Starting at the line that contains "与此同时,不良贷款也主要集中", transcribe each line exactly through the end of the data below, and skip any pictures.

**Source data**
━━━

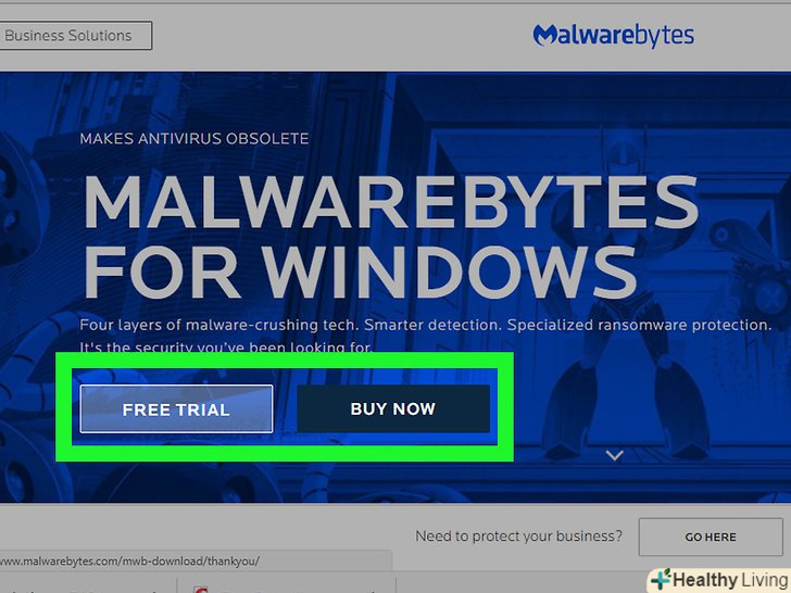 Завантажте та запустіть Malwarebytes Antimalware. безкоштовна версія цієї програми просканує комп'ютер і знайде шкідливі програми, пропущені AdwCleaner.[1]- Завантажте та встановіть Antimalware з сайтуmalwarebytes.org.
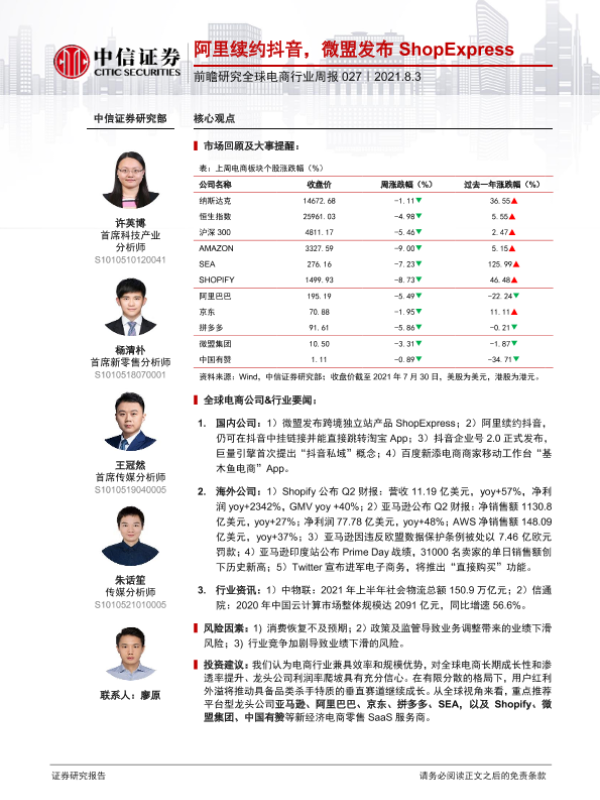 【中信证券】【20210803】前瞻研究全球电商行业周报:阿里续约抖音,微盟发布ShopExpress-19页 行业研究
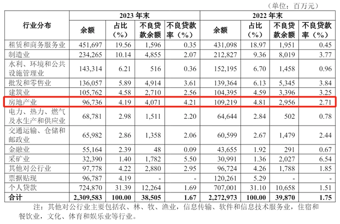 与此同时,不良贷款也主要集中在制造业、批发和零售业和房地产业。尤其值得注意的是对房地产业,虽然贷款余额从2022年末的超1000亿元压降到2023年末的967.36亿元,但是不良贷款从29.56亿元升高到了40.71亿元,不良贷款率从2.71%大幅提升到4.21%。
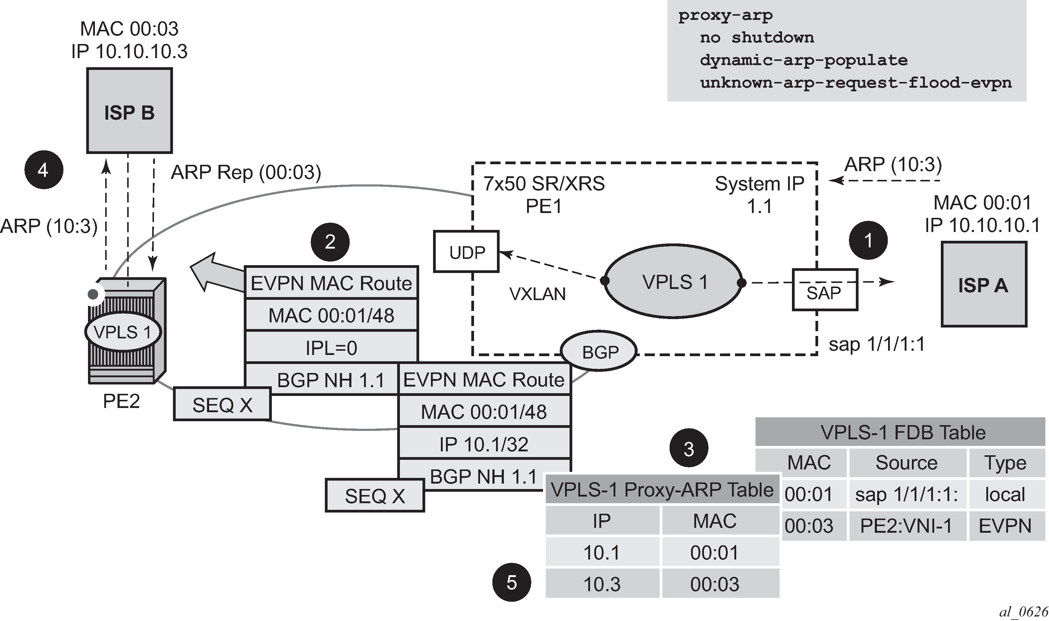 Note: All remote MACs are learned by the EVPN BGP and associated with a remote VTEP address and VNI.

━━━

**Finished task**
 与此同时,不良贷款也主要集中在制造业、批发和零售业和房地产业。尤其值得注意的是对房地产业,虽然贷款余额从2022年末的超1000亿元压降到2023年末的967.36亿元,但是不良贷款从29.56亿元升高到了40.71亿元,不良贷款率从2.71%大幅提升到4.21%。
 Note: All remote MACs are learned by the EVPN BGP and associated with a remote VTEP address and VNI.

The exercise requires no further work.